#### [Exercise requirements]
Among the lines below, output only those between the line holding "Сексуальные мужские матовые" and the line holding "Janod Peacock Wooden", inclusive, exactly as written and with no pictures.

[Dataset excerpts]
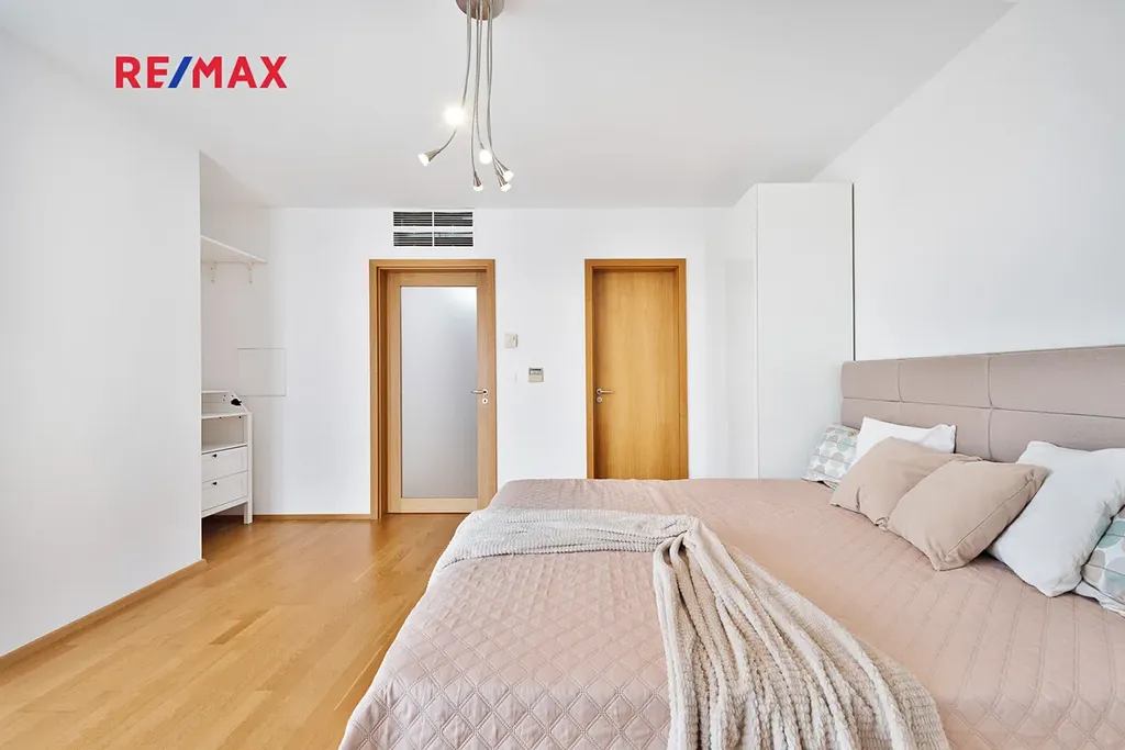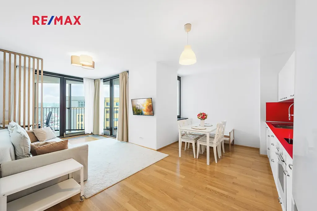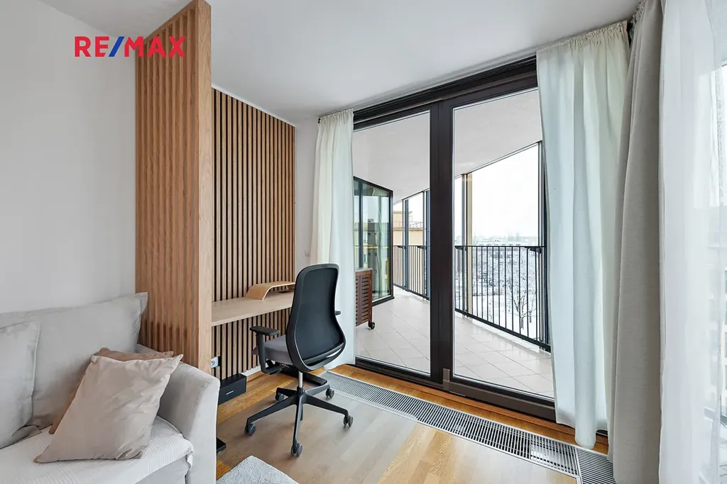 Rádi Vám představíme exkluzivní nabídku: Pronájem kompletně zařízeného, slunného bytu 2+kk s plochou 64 m², venkovní terasou 28 m², parkovacím místem v prestižní rezidenci Central Park Praha v Žižkově.
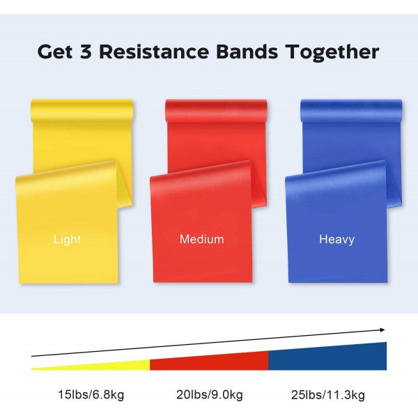 - Portable and Durable: each band measures 59inch Long x 5.9inch wide, durable, elastic, lightweight and portable, which works well in Gym, office or at home.
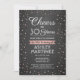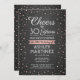 Invitar a la familia y amigos a una elegante celebración de cumpleaños para ella con personalizados invitaciones para fiestas en blanco, negro y rosa. Toda la redacción de esta plantilla (incluyendo "Saludos a 30 años") está configurada para un 30 cumpleaños, pero es simple de personalizar para cualquier año o tipo de evento. El diseño presenta modernos puntos de Relieve metalizado purpurinoso de rosa dorado sobre un falso fondo de pizarra, caligrafía de escritura elegante y tipografía clásica de estilo Art Déco. Tenga en cuenta que el oro es color impreso, no Relieve metalizado metálico. ¡Salud y cumpleaños feliz!
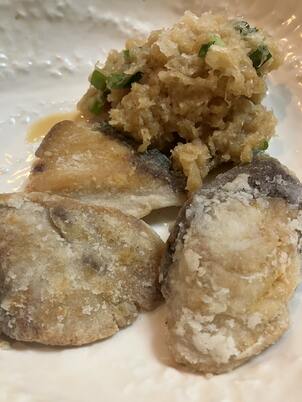 今日のQPで見た料理。ブリの切り身は削ぎ切りにして塩を振り、しばらく置いてから水気を拭き取りカタクリ粉をまぶして油で両面かりっと焼く。これにおろし生姜と、小口切りにした小ネギを混ぜ合わせて味醂、黒酢、醤油で調味した大根おろしを添えた。味醂は電子レンジで煮きってアルコール分を飛ばしておくこと。この黒酢おろしは肉にでも合いそうです∈^0^∋
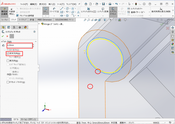 ②内側のエッジを選択し、スケッチタブの【エンティティオフセット】アイコンをクリックし、【0.25mm】、内側にオフセットした図形を作図します。
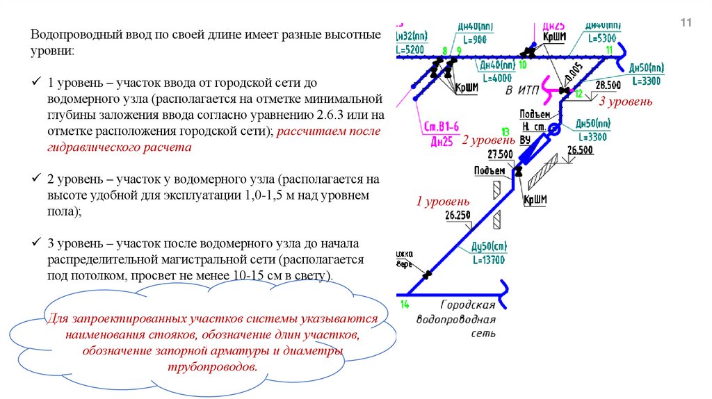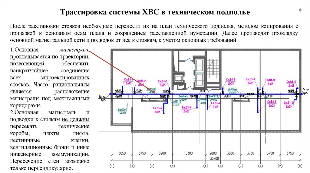 основной магистральной сети и подводок от нее к стоякам, с учетом основных требований:
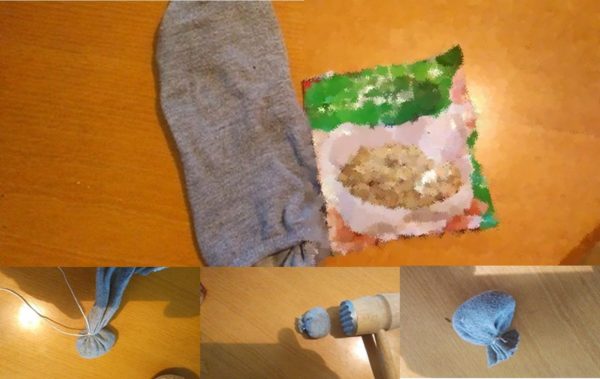 2/Ponožku zavažte provázkem, nebo tkaničkou
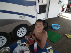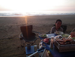 今年も毎年恒例、夏の千里浜へ海水浴。 8/8 トラベルトレーラー所有の皆様は夜間走るのが得意のようですが、私は夜が苦手。 いつも早朝出発しています。この日は2:30に起きたので、名古屋高速で清洲まで。 腹が減ったので朝マック でもホントは吉牛大好き。でも女房は朝から良くそんな物食えるねと冷たい そのまま名神-北陸道-能登道 まもなく千里浜 既に到着していたM様ご家族 毎年夏、この場所で会ってます。 到着するなり、泳ぎ始める子供達 千里浜は透明度も高く、遠浅なので安心です。 かき氷で喜ぶ息子 こんな事も冷凍庫を運んで居るからこそ出来る。 朝鮮半島西側に台風があり、いつもより若干うねりが入っていたので、近くのホームセンターに行き、 ボディボードを買ってきたら、二人とも上手に遊んでた イイオヤジになれてるかな 千里浜の夕日を見ながら、早起きだったので、21時就寝 8/9 翌日は朝一番を狙って能登島水族館へ トレーラーは千里浜に残して。 屋内は良かったけど、超暑かったので早めに撤収。 ランチを取りに何処へ行こうか考えたけど、地理感無いし、とりあえずハズレはないだろうと 七尾フィッシャーマンズ・ワーフ 能登食祭市場 http://www.shokusai.co.jp/ へ でも何処にでもあるような海鮮丼しかなかった。店の外から見る限り、地の物使ってます!って感じの雰囲気だったけど、出てくる魚は流通物だね。ちょっとがっかり。 祭事館は能登にはこんな祭りがあるんだーって感じの。是非見てみたいね 去年青森出張して、トレージャーアイランドさんに、五所川原のねぷた館に連れて行って貰ったけど、そのときも大きさにビックリしたなあ。あの祭りも生で見てみたいけど、一番忙しい盆前はなかなか難しいよね。 夕方トレーラーに戻り、子供達はもうひと泳ぎし、 夜は浜辺で花火。喜んでたね~ その2へ続く https://sunrocky.blog-rpg.com/Entry/424/
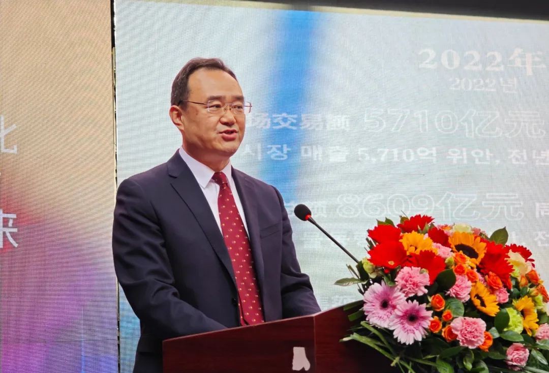 苟宏水宣布2023首届中国(临沂)跨境电商博览会暨中韩贸易交流会开幕。
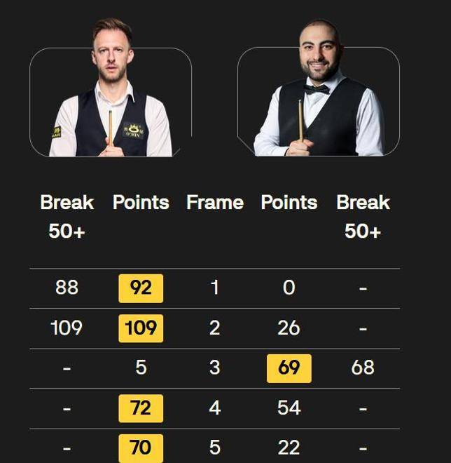 这场比赛,特鲁姆普表现得特别出色。前两局,瓦菲机会不多,特鲁姆普连续打出单杆88分和109分,轻松连赢两局,2-0领先。第三局,瓦菲终于拿到68分,勉强扳回一局,比分来到1-2。第四局双方打得非常胶着,但还是特鲁姆普更稳,多次上手,以72比54险胜,上半场结束时,特鲁姆普3-1领先。
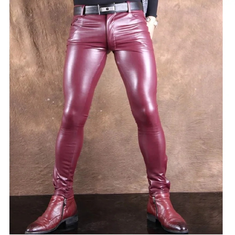 Сексуальные мужские матовые узкие брюки из искусственной кожи, модн...
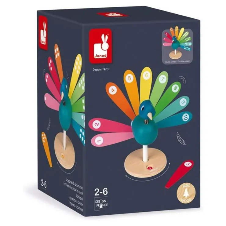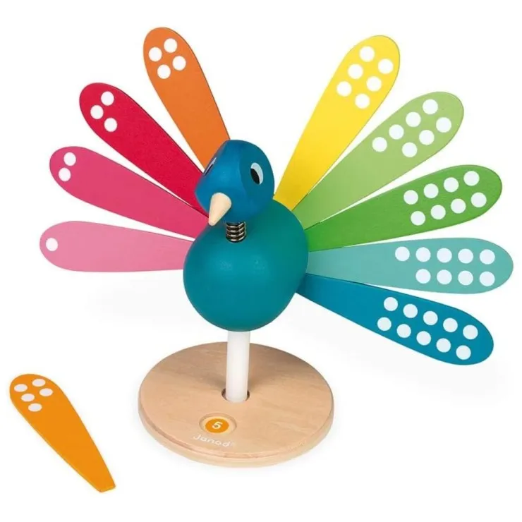 Janod Peacock Wooden Toy – Early Years Numbers & Colours UK J08040
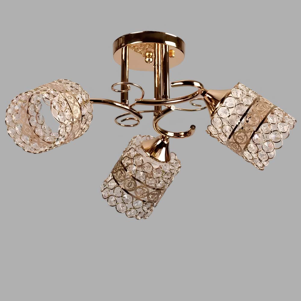 Современная потолочная люстра на три лампы, оснащена металлическими плафонами цилиндрической формы с хрустальными вставками: что обеспечит изысканный блеск и создаст интересную игру света и тени при включенном источнике света. Лучше всего эта люстра подойдет для помещений с общей площадью 9 м², при использовании лампочек 6 Вт (LED) или 60 Вт (стандартная), будет актуальна для помещений с невысокими потолками.

#### [Answer space]
 Сексуальные мужские матовые узкие брюки из искусственной кожи, модн...
 Janod Peacock Wooden Toy – Early Years Numbers & Colours UK J08040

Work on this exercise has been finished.